Coordenadores e contactos:

Nádia Pinto, IPATIMUP/i3S, Porto, Portugal: npinto@ipatimup.pt; nmgapinto@gmail.com

Leonor Gusmão, UERJ, Rio de Janeiro, Brazil: leonorbgusmao@gmail.com

Gabriela Garcia, Manlab, Buenos Aires, Argentina: gabriela.garcia@manlab.com.ar

 

Introdução:

Este grupo de trabalho surge no seguimento de um trabalho colaborativo proposto e aprovado em 2017 nas XXII Jornadas GHEP-ISFG, em Coimbra, Portugal. Esta colaboração contou com a participação de 18 laboratórios e resultou em 1,612 trios analisados. Originou uma submissão como Research Paper à Forensic Science International: Genetics, a 19 de junho de 2019, tendo sido requeridas Minor Revisions a 24 de agosto, a realizar até 23 de outubro.

A decisão de ampliar este grupo de trabalho, numa segunda fase, prende-se com a hipótese de o aumento do número de trios analisados permitir, não só um maior conhecimento das taxas de mutação em diferentes populações, mas também uma abordagem estatística correlacionando a taxa de mutação com outros fatores como o comprimento do alelo ou a estrutura do motivo repetitivo do marcador.
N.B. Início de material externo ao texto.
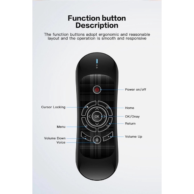 NB: - Can automatically detect the face-up side and disable the buttons of the face-down side, when the keyboard is facing up, the air remote does not work - "Cursor lock" and "Voice" keys can't be learned - If the return key does not work, please press and hold the "OK" + "Return" keys for 5 seconds. The blue indicator will flash 8 times, and then the air remote will be reset - Only support for Google Voice Assistant on Android devices, and does not support other voice software platforms
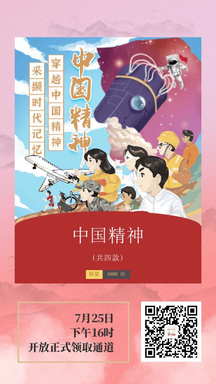 7月25日下午16時,中國網旗下中網藝云數字藏品平臺發布上線首批藏品并將開放正式領取通道,大眾通過中網藝云線上渠道可對《中國精神》系列藏品進行免費領取。本期藏品總數量1000份,共四款,全部用于免費發行。其中歷史主動精神400份、首創精神300份、航空強國精神200份、抗疫精神100份,采取“盲盒玩法”隨機獲取。

Apresentação XXIV GHEP meeting (Praga 2019): Mutasões XSTRs (Nadia Pinto)

Objetivos:

O grupo de trabalho tem como objectivo o estudo das taxas de mutação no conjunto de marcadores STR do cromossoma X do Kit comercial Investigator Argus X-12 QS – Qiagen, tendo em vista uma abordagem mais profunda do que a que é normalmente efectuada tendo em conta a simples proporção de incompatibilidades mendelianas por marcador e, eventualmente, o sexo e idade parental. Não obstante a abordagem tradicional referida, este grupo de trabalho tentará encontrar uma correlação entre as taxas (e o tipo) de mutação e o motivo repetitivo da sequência, o comprimento do alelo de origem e a população.

 

Metodologia:

  1. Os dados analisados serão referentes a trios pai-mãe-filha (kit Argus X12-QS), em situações em que a relação biológica está assegurada pela análise de marcadores autossómicos.
  2. Serão feitas inferências estatísticas tentando correlacionar o tipo de mutação com a sequência do motivo repetitivo, o comprimento do alelo parental e a população.

Prazos:

  • Deadline for registration: até 30 de outubro de 2019, por email para a coordenação
  • Deadline for submission of the genetic profiles: até 31 de junho de 2020

 

Notas:

  • Tal como na primeira edição, a QIAGEN apoia este grupo de trabalho e oferecerá um desconto (37%) na compra de até dois kits Investigator Argus-X 12 QS (100), Cat N° 383225, aos laboratórios que participarem no exercício.
  • Os laboratórios participantes deverão enviar certificados do exercício de controle de qualidade do GHEP-ISFG (ou outros, SAGF, p. ex.) dos últimos anos (2017-2019), demonstrando a obtenção de resultados corretos para os marcadores do Investigator Argus X-12 QS – Qiagen ou Investigator Argus X-12 – Qiagen até 01 de maio de 2020.
  • Perfis genéticos já obtidos com o Argus X-12 poderão ser incluidos neste estudo, sempre que correspondam a amostras heterozigóticas para os marcadores DXS10101, DXS10146 e DXS10148. Amostras aparentemente homozigóticas ou sem amplificação para qualquer um destes 3 marcadores, deverão ser genotipadas de novo com o kit Argus X-12 QS.
  • Os arquivos .fsa e/ou os electroferogramas relativos a todas as corridas realizadas deverão ser guardados para esclarecimento de eventuais dúvidas.
  • Para a publicação dos resultados estabelece-se o limite de um autor para cada 70 trios de indivíduos genotipados, para um máximo de 2 autores por laboratório.
  • Os autores serão ordenados em função do número de trios analisados (por autor) e, para laboratórios com igual número, por ordem alfabética.